Глава 7

Затем вызвали Чинка.

Он заявил, что начал вечер с маленькой дружеской игры в покер у себя в квартире. В половине второго игра кончилась, и на поминки он приехал в два часа ночи. Он ушел без пяти четыре, ибо у него было назначено свидание с Куколкой в соседнем доме.

— Перед уходом вы не посмотрели на часы? — спросил Броди.

— Я сделал это в лифте.

— Где был преподобный Шорт, когда вы уходили?

— Преподобный? Черт, я не заметил. — Он немного помолчал, словно припоминая, потом сказал: — Кажется, стоял возле гроба, но я могу и ошибиться.

— Что происходило на улице, когда вы вышли?

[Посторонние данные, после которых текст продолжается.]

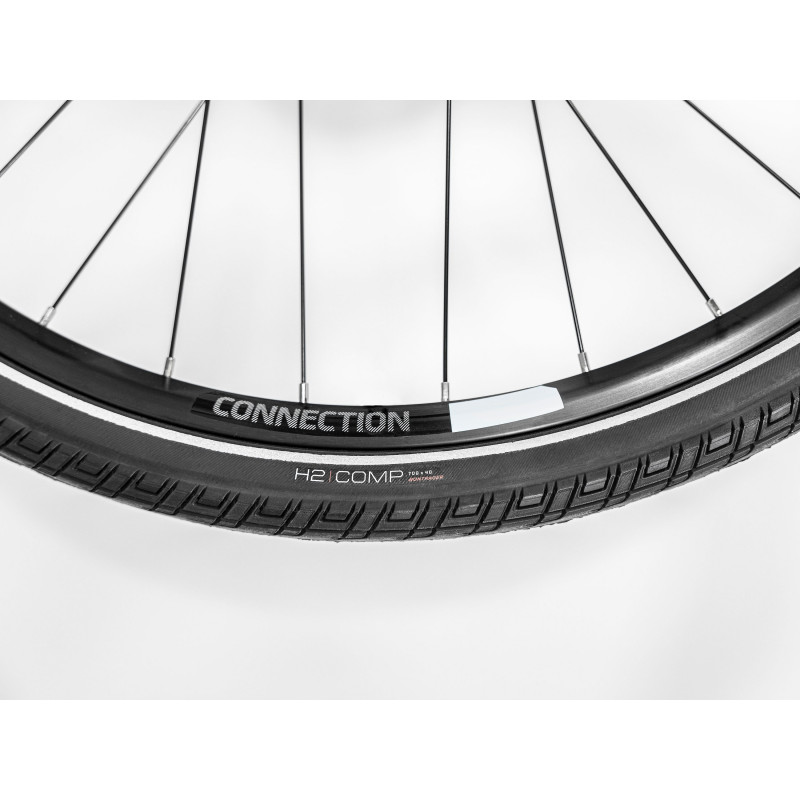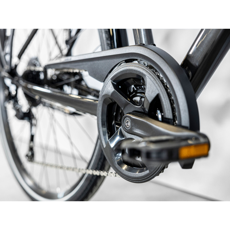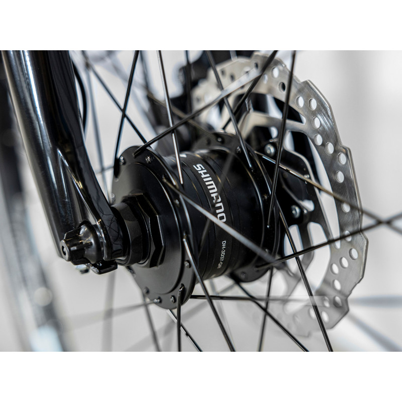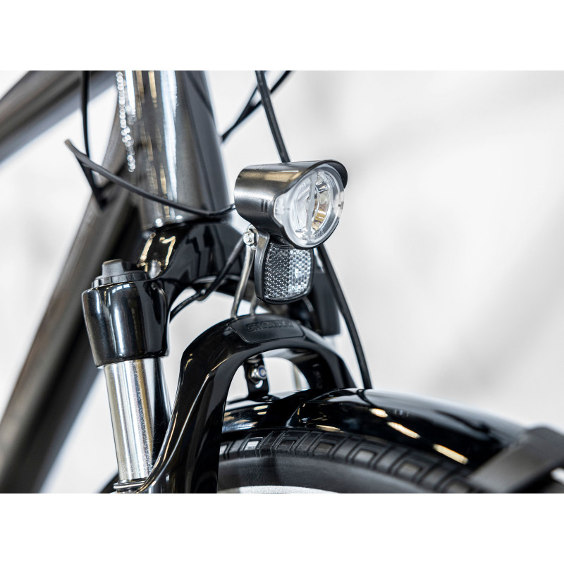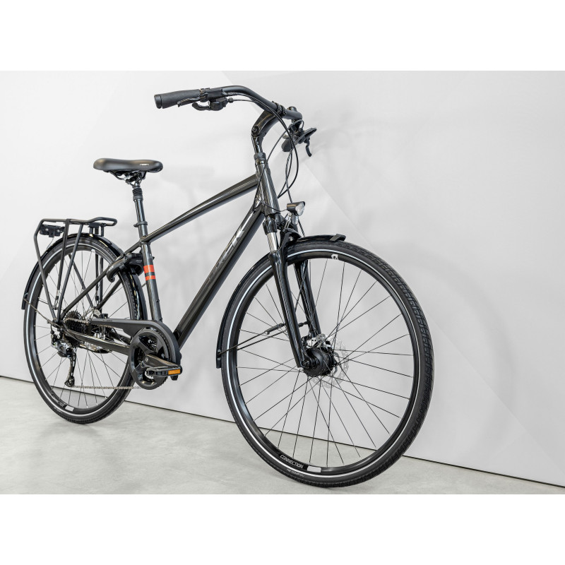 Ľahký hliníkový rám, spoľahlivé radenie s 18 prevodmi, vďaka ktorým nikdy nebudete šliapať príliš namáhavo ani zbytočne rýchlo, výkonné kotúčové brzdy, nastaviteľný predstavec, mäkšie sedlo, ergonomické gripy, široké plášte s reflexnými bočnicami a šírkou 40c pre lepšiu stabilitu, odpružená vidlica a sedlovka, ktoré tlmia nerovnosti, predné a zadné svetlo napájané z nábojového dynama s výkonom 3 W a pohodlná geometria so vzpriameným posedom. Okrem toho je vybavený všetkým, čo na jazdu potrebujete, ako sú blatníky, svetlá, stojan, zámok a zadný nosič kompatibilný so systémom MIK.
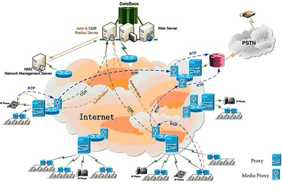 無論大型企業(yè)用戶(通過PBX接入網(wǎng)關設備)、小型企業(yè)用戶(使用網(wǎng)關設備)還是其它使用單口網(wǎng)關或IP Phone的用戶,都可以通過各種接入方式接入到ECM3.0網(wǎng)絡中,并通過PROXY及MEDIA
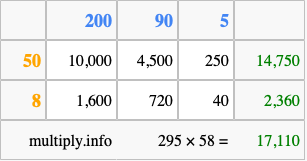 Finally, we add up all the sums we found in step 3 to get our final answer to 295 times 58.
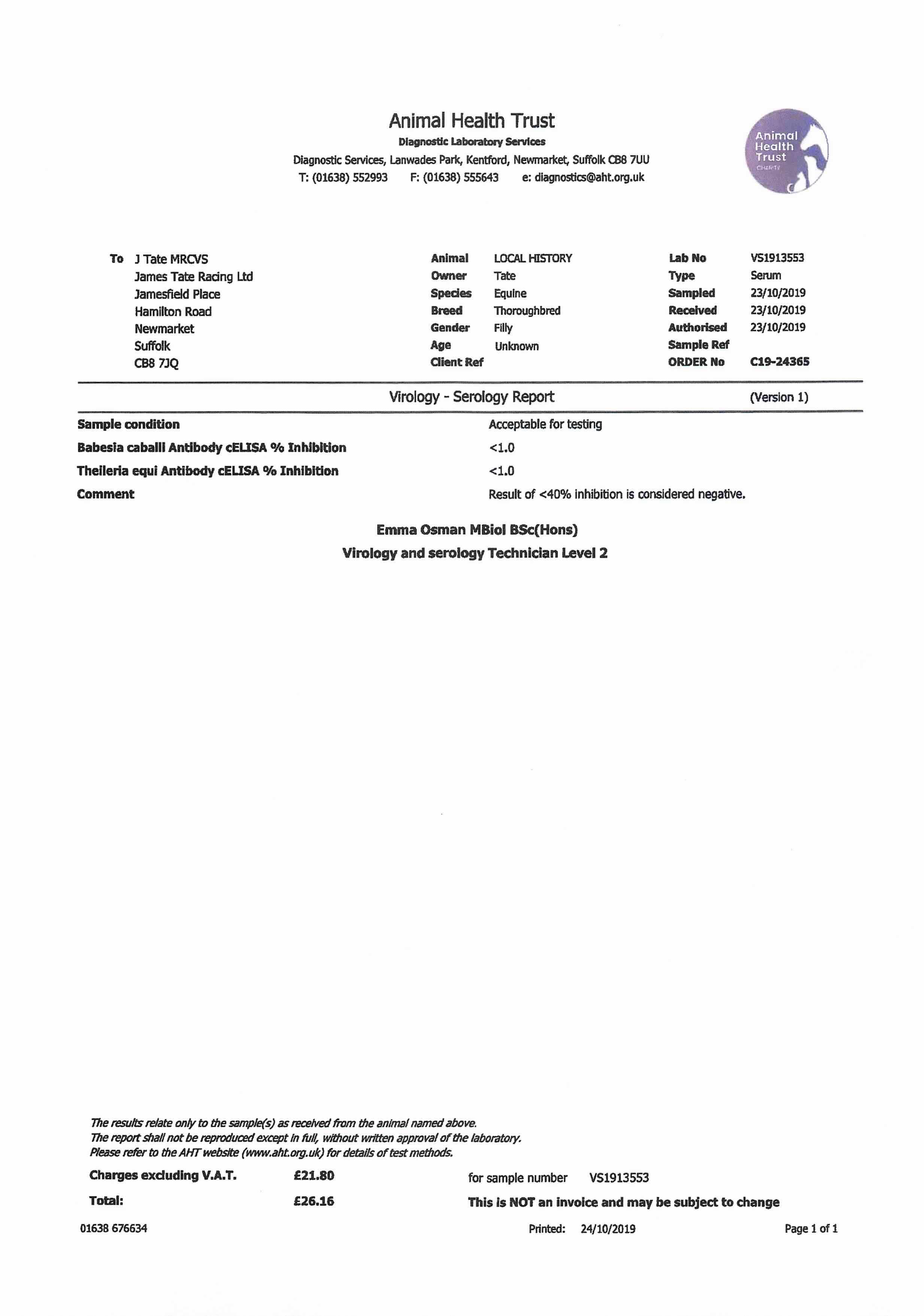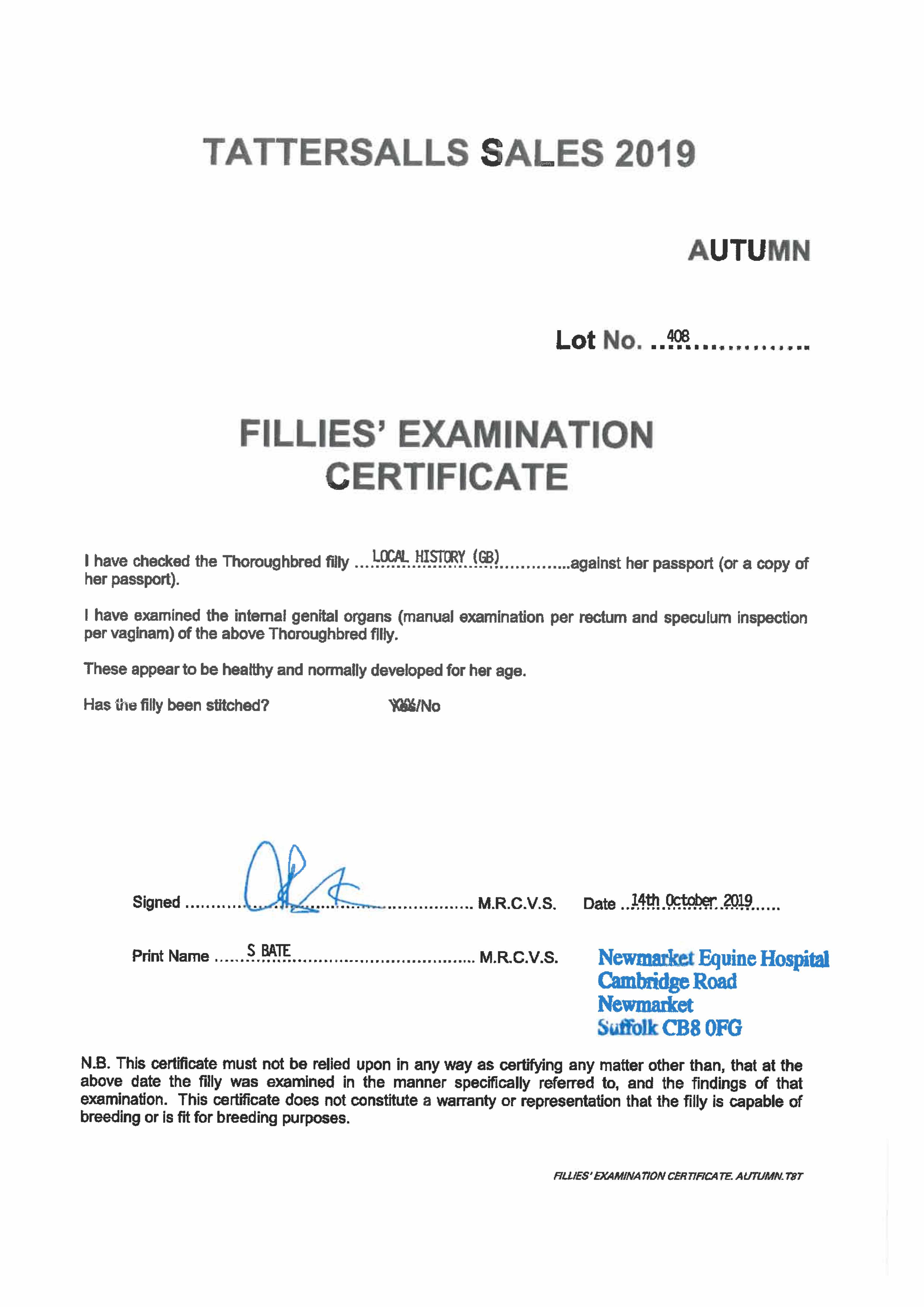 Consignor: Jamesfield Stables (J. Tate)

— Да ничего. У бакалеи стоял цветной полицейский, охранял коробки и ящики. Может, он меня припомнит.

— С ним кто-нибудь был?

— Разве что призрак.

— Ладно, дружище, давайте-ка оставим комедию и перейдем к фактам, — раздраженно буркнул Броди.

Чинк доложил, что ждал Куколку в вестибюле, но, когда они поднялись на второй этаж, где была ее квартира, она что-то раскисла, и тогда он пошел за марихуаной к знакомому, который жил на той же улице.

— Где? — спросил Броди.

— Угадайте сами, — предложил Чинк.

Броди пропустил вызов мимо ушей.

— На улице были какие-то прохожие? — спросил он.

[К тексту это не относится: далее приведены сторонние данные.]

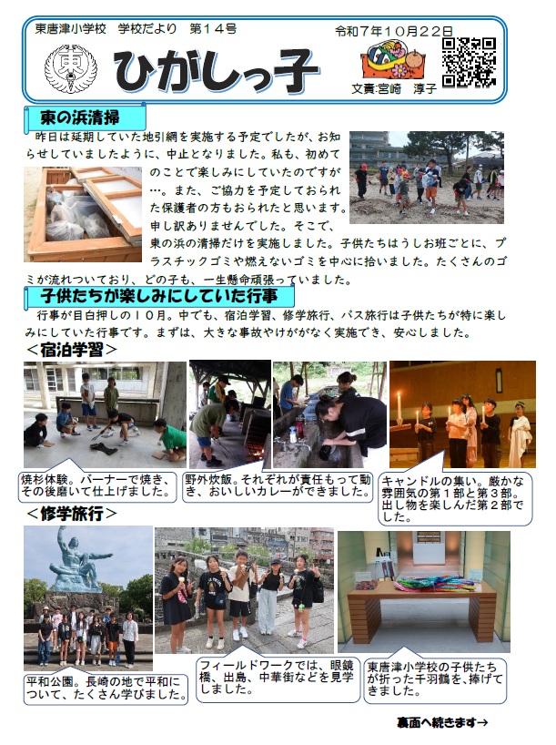 HOME > お知らせ > 学校便り > 学校だより ひがしっ子14 学校だより ひがしっ子14 入力日2025年10月30日 内容学校だより ひがしっ子14 閲覧数11 ファイル ファイルダウンロード 前へ
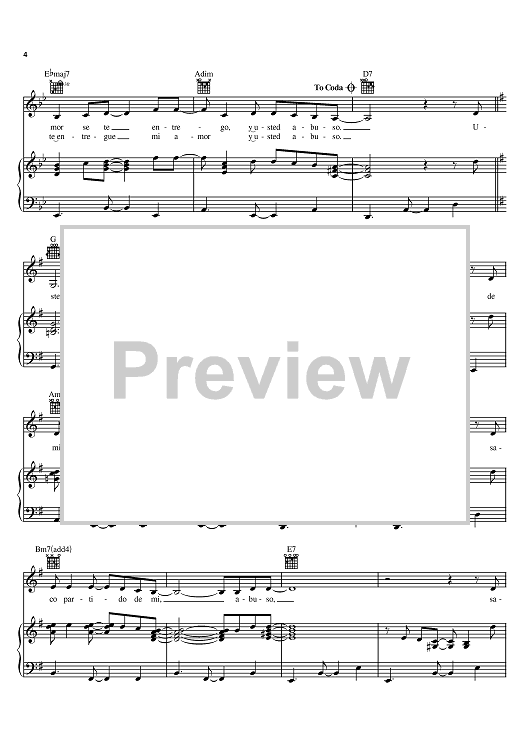 Digital Sheet Music for Usted Abuso by Celia Cruz, Jose Ubaldo Avila Brito, Jose Carlos Figueiredo, Antonio Carlos Marques Pinto scored for Piano/Vocal/Chords; id:386298

— Когда я вышел, то увидел, что из дома появилась Дульси. И тотчас же мы увидели тело Вэла в корзине.

— А до этого вы видели корзину?

— Да. В ней был самый обыкновенный хлеб.

— Когда вы встретили Дульси, вокруг не было никого?

— Нет.

— Как она себя повела, увидев труп брата?

— Закатила истерику.

— Что она сказала?

— Не помню.

Броди предъявил ему нож.

Чинк признал, что примерно так же выглядел нож, торчащий в груди Вэла, но сказал, что до этого его не видал.

— Преподобный Шорт показал, что на следующий день после Рождества вы передали этот нож Дульси возле его церкви и показали, как им пользоваться, — сказал Броди.

Потное желтое лицо Чинка побледнело так, что сделалось похожим на грязную простыню.

— Этот сукин сын напился допьяна своим чертовым зельем, — прорычал Чарли. — Я не давал Дульси никакого ножа, а этот вижу в первый раз.

— Но вы преследовали ее по пятам, как кобель, — сказал Броди. — Об этом говорят все.

— За это не вешают, — буркнул Чарли.

— Нет, но вы вполне могли убить ее брата, если он вам мешал, — сказал Броди.

— Вэл не мешал, — пробормотал Чарли Чинк. — Если бы он так не боялся Джонни, то помог бы мне.

Броди вызвал полицейских в форме.

— Задержите его, — распорядился он.

— Я хочу вызвать моего адвоката, — заявил Чарли.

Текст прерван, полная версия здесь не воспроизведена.